Material to process:
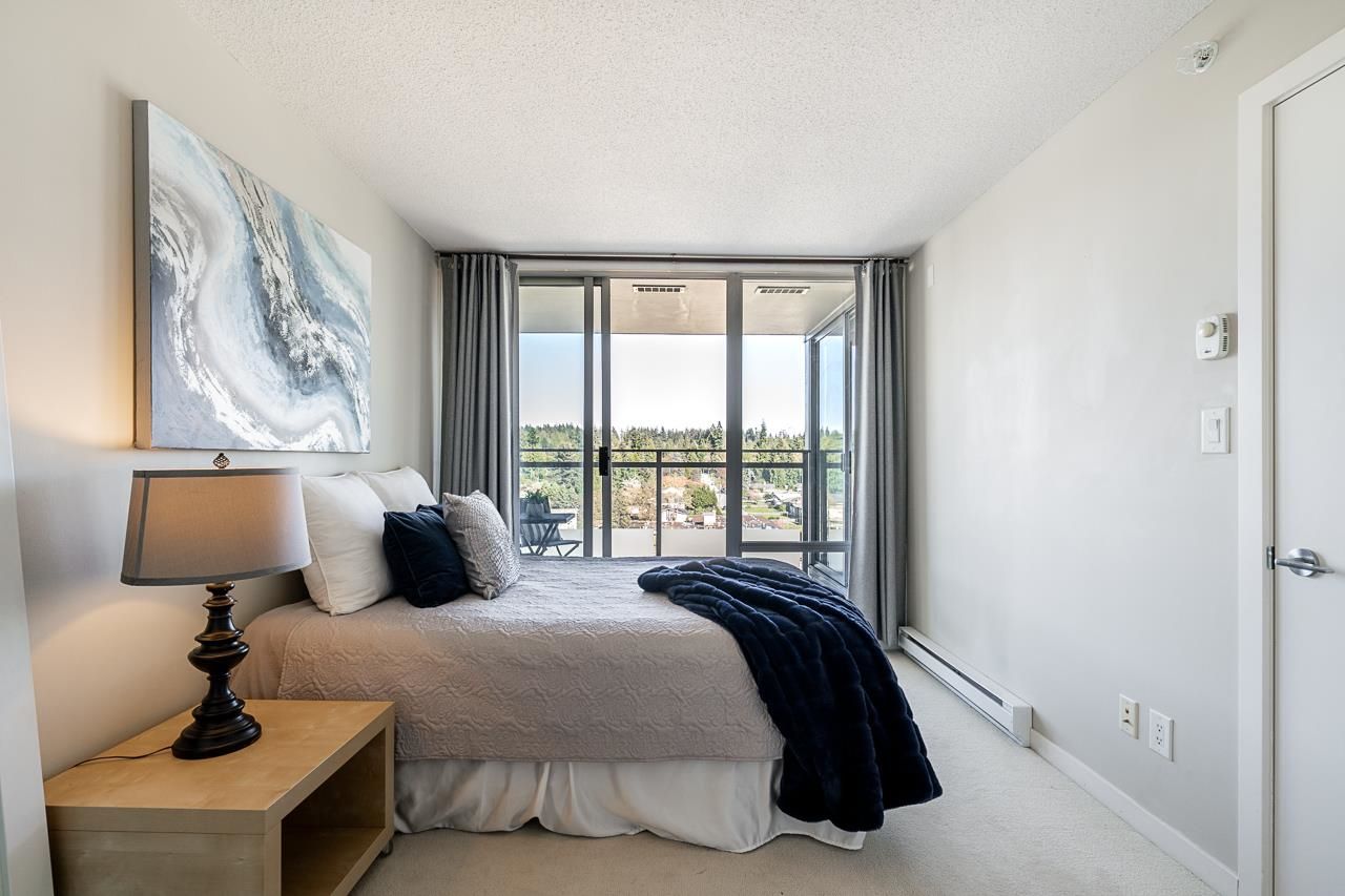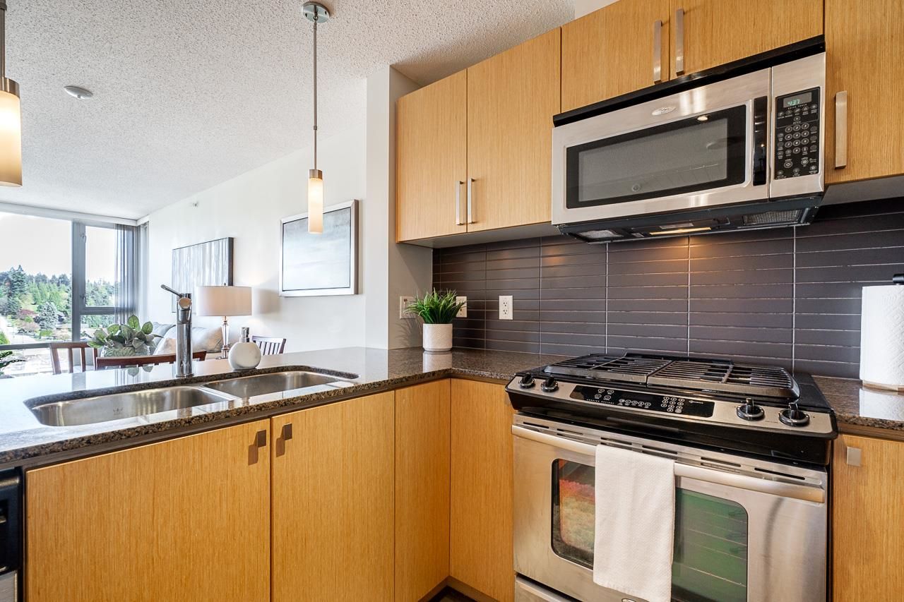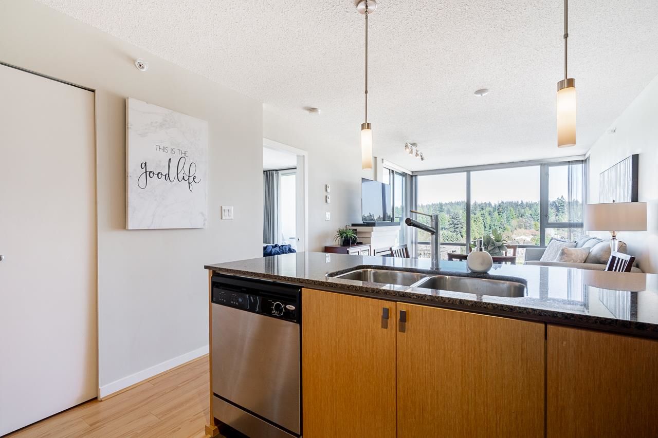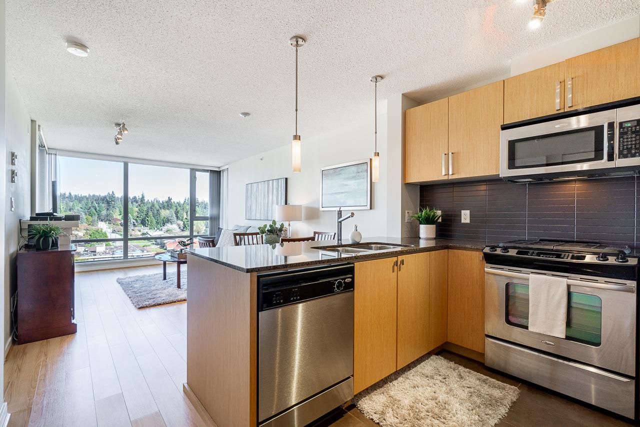 Welcome to Silhouette, located just steps from Lougheed Mall and Skytrain. This one bed & den unit on the 12th-floor boasts stunning city views and mountain vistas through floor-to-ceiling windows. Living room features electric fireplace for cozy nights. The modern kitchen boasts granite countertops, stainless steel appliances including gas range, a subway tile backsplash, and stylish pendant lighting. The spacious den, separate from the main living area, serves perfectly as a home office or nursery. Building amenities include a guest suite, meeting room, bike storage, fitness center, and a rooftop garden with a play area. Whether you're seeking a home or an investment opportunity, this fabulous one-bedroom plus den residence offers it all. Parking stall and storage locker included.
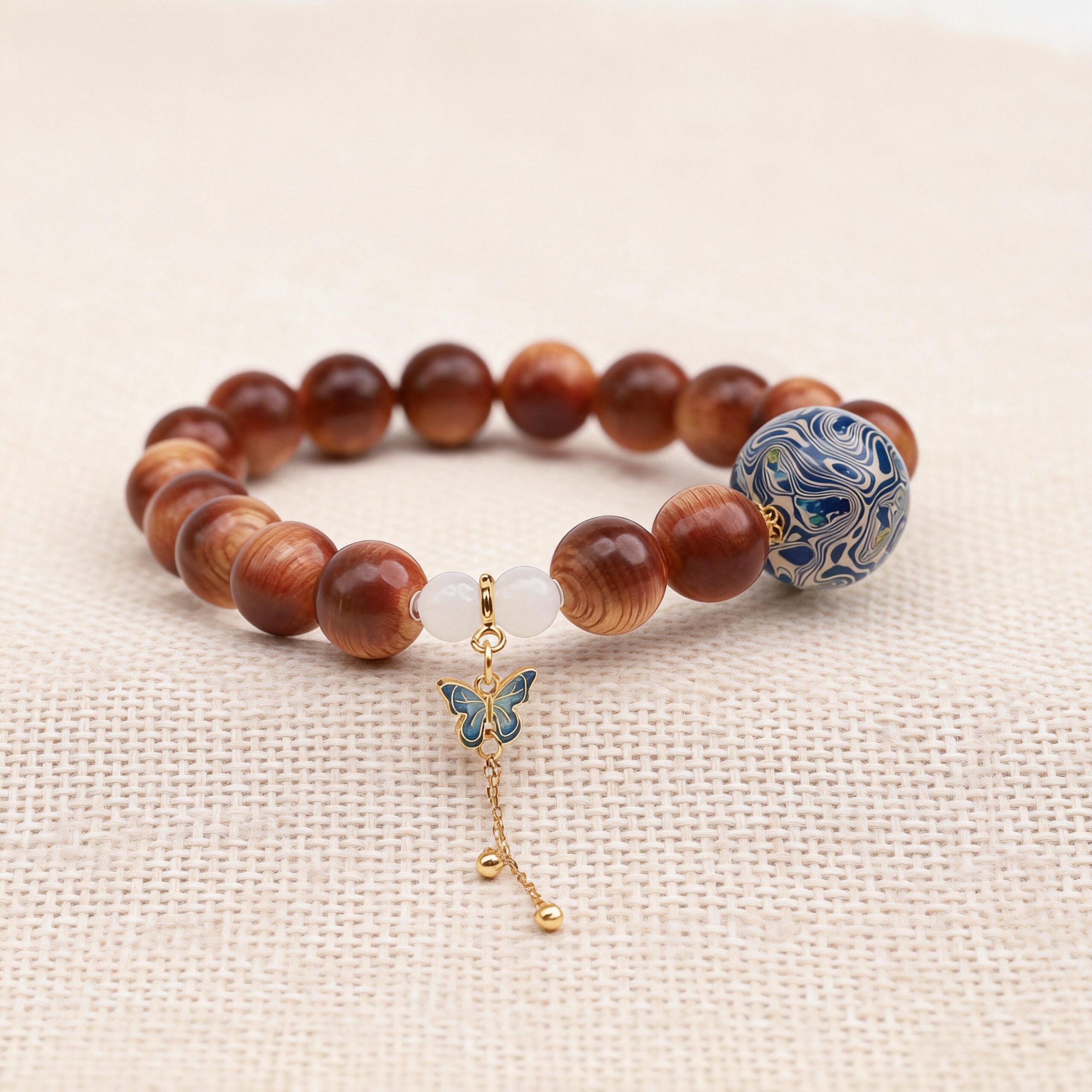 This bracelet brings together aged wood, mineral jade, and traditional craftsmanship —
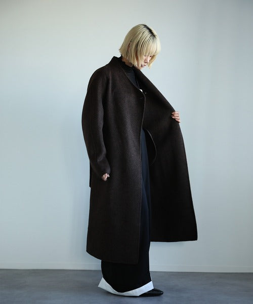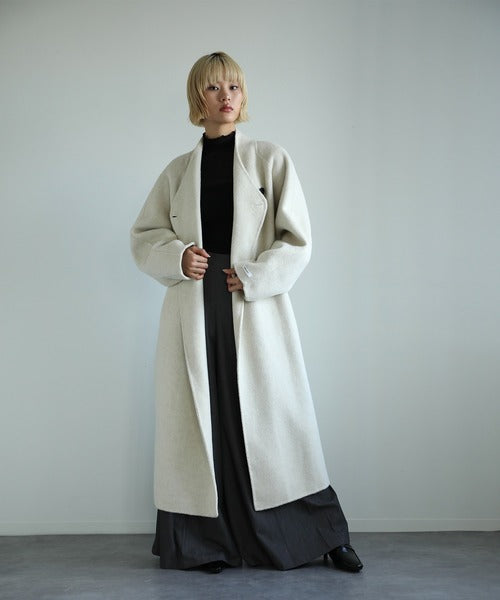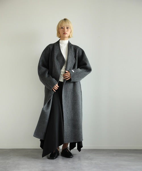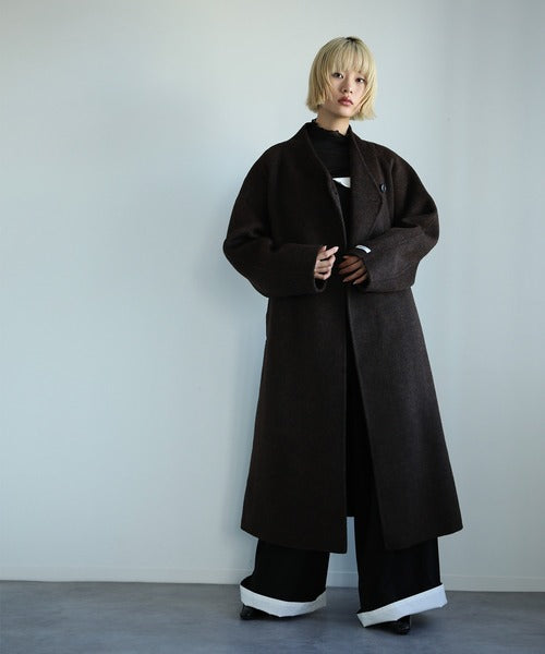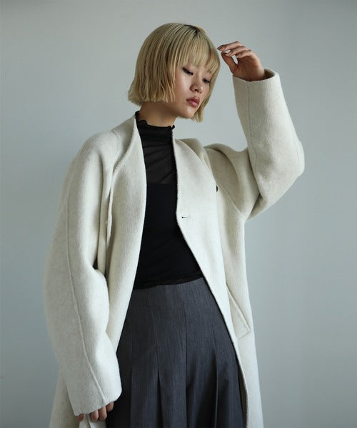 【moyo】O型シルエットのノーカラーロングコートが登場!
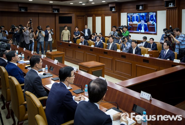 (서울=포커스뉴스) 8일 오전 서울 종로구 정부서울청사에서 열린 구조조정 관계장관회의에 참석한 유일호 경제부총리 겸 기획재정부 장관이 모두발언 하고 있다.
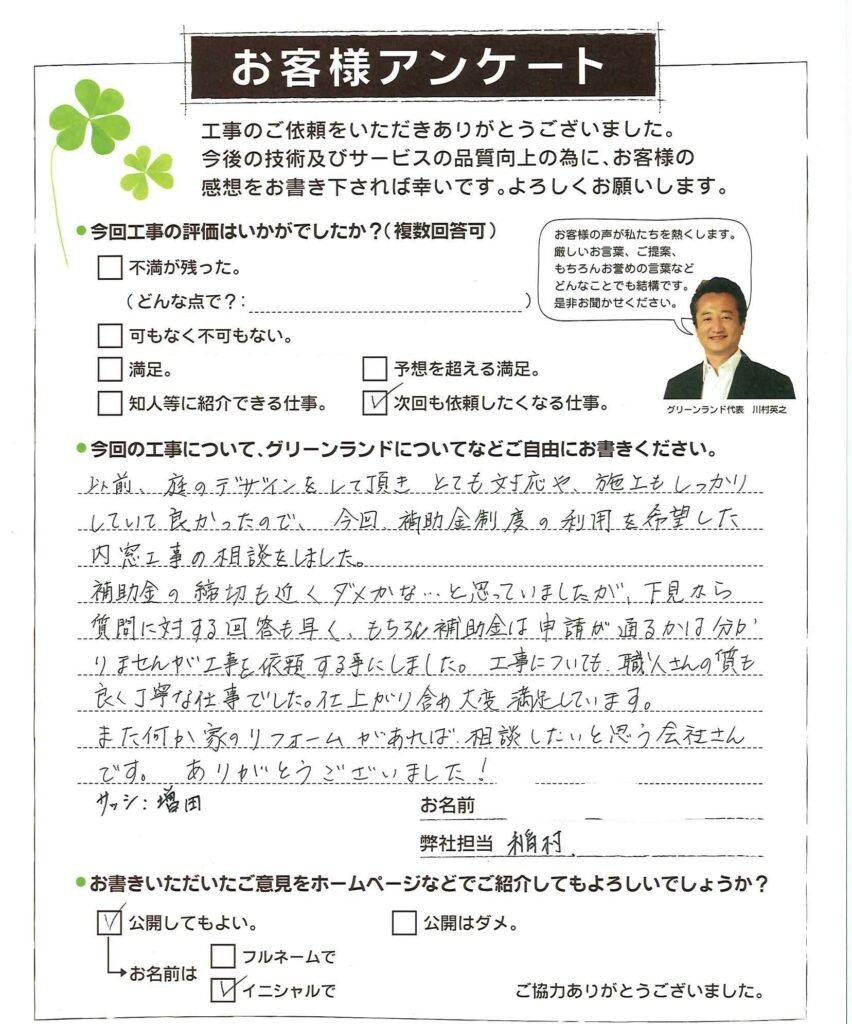以前、庭のデザインをして頂きとても対応や、施工もしっかりしていて良かったので、今回、補助金制度の利用を希望した内窓工事の相談をしました。 補助金の締切も近くダメかな・・・と思っていましたが、下見なら質問に対する回答も早く、もちろん補助金は申請が通るかは分かりませんが工事を依頼する事にしました。工事についても、職人さんの質も良く丁寧な仕事でした。仕上がり含め大変満足しています。 また何か家のリフォームがあれば、相談したいと思う会社さんです。ありがとうございました!
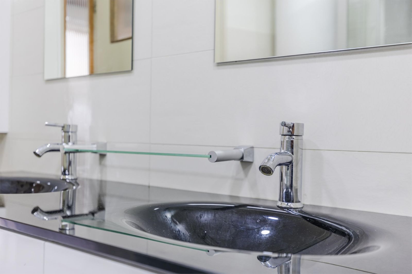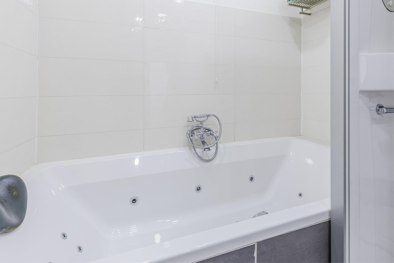 De badkamer is voorzien van een groot bubbelbad van 2 meter en dubbele wasbak met spiegels met ledverlichting.
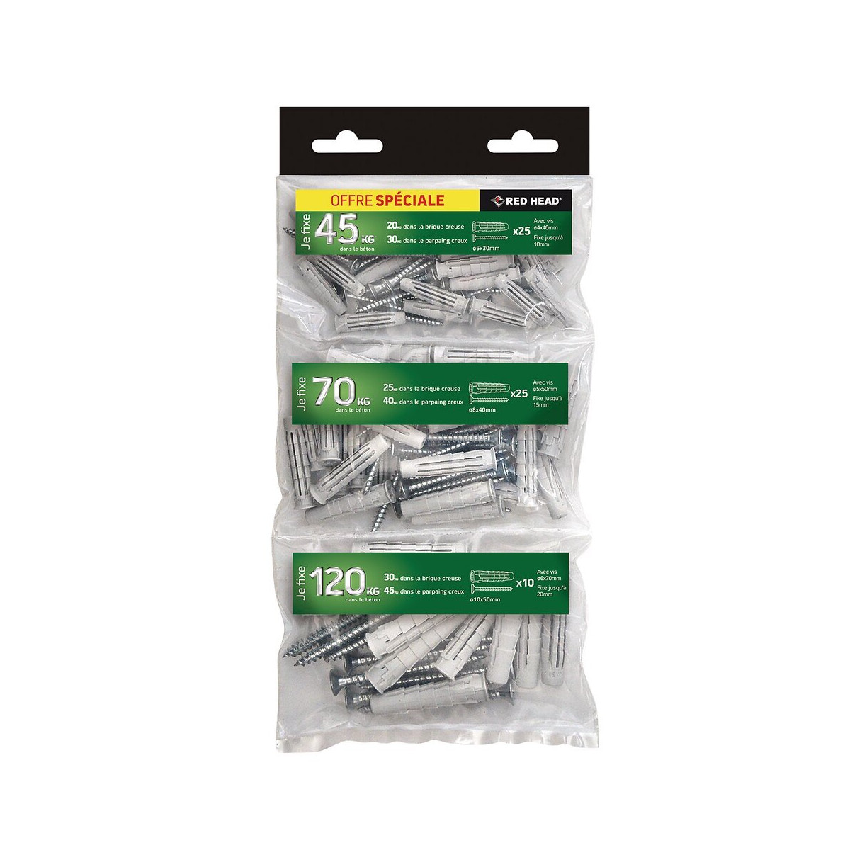 Sachet de 60 chevilles NORDTECH : 6x30mm + vis 4x40mm + 8x40mm + vis 5x50mm 10x50mm + vis 6x70mm. Fonctionne dans tous les types de murs : pleins, creux, ou plaque de plâtre.Spécifications techniques
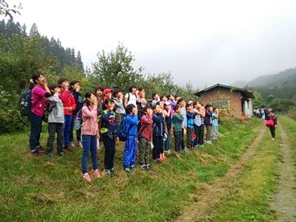 登山道に入って「ヤッホー」。クラスみんなで大きな声と出してみました。
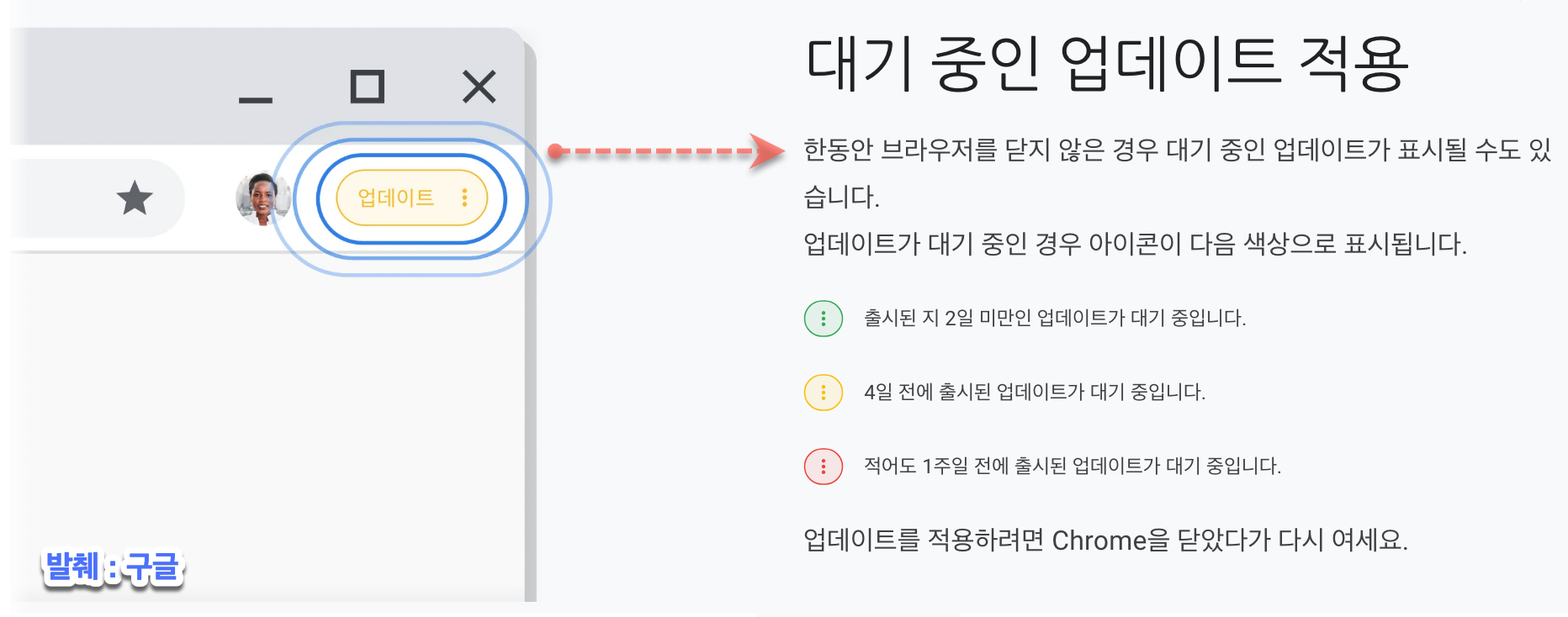 - 크롬 브라우저가 업데이트 가능한지 확인합니다. 업데이트가 필요하다면, 자동으로 업데이트가 시작됩니다.

What the exercise asks:
Exactly as written above, print every line of the data but not its pictures.

Reply:
 Welcome to Silhouette, located just steps from Lougheed Mall and Skytrain. This one bed & den unit on the 12th-floor boasts stunning city views and mountain vistas through floor-to-ceiling windows. Living room features electric fireplace for cozy nights. The modern kitchen boasts granite countertops, stainless steel appliances including gas range, a subway tile backsplash, and stylish pendant lighting. The spacious den, separate from the main living area, serves perfectly as a home office or nursery. Building amenities include a guest suite, meeting room, bike storage, fitness center, and a rooftop garden with a play area. Whether you're seeking a home or an investment opportunity, this fabulous one-bedroom plus den residence offers it all. Parking stall and storage locker included.
 This bracelet brings together aged wood, mineral jade, and traditional craftsmanship —
 【moyo】O型シルエットのノーカラーロングコートが登場!
 (서울=포커스뉴스) 8일 오전 서울 종로구 정부서울청사에서 열린 구조조정 관계장관회의에 참석한 유일호 경제부총리 겸 기획재정부 장관이 모두발언 하고 있다.
以前、庭のデザインをして頂きとても対応や、施工もしっかりしていて良かったので、今回、補助金制度の利用を希望した内窓工事の相談をしました。 補助金の締切も近くダメかな・・・と思っていましたが、下見なら質問に対する回答も早く、もちろん補助金は申請が通るかは分かりませんが工事を依頼する事にしました。工事についても、職人さんの質も良く丁寧な仕事でした。仕上がり含め大変満足しています。 また何か家のリフォームがあれば、相談したいと思う会社さんです。ありがとうございました!
 De badkamer is voorzien van een groot bubbelbad van 2 meter en dubbele wasbak met spiegels met ledverlichting.
 Sachet de 60 chevilles NORDTECH : 6x30mm + vis 4x40mm + 8x40mm + vis 5x50mm 10x50mm + vis 6x70mm. Fonctionne dans tous les types de murs : pleins, creux, ou plaque de plâtre.Spécifications techniques
 登山道に入って「ヤッホー」。クラスみんなで大きな声と出してみました。
 - 크롬 브라우저가 업데이트 가능한지 확인합니다. 업데이트가 필요하다면, 자동으로 업데이트가 시작됩니다.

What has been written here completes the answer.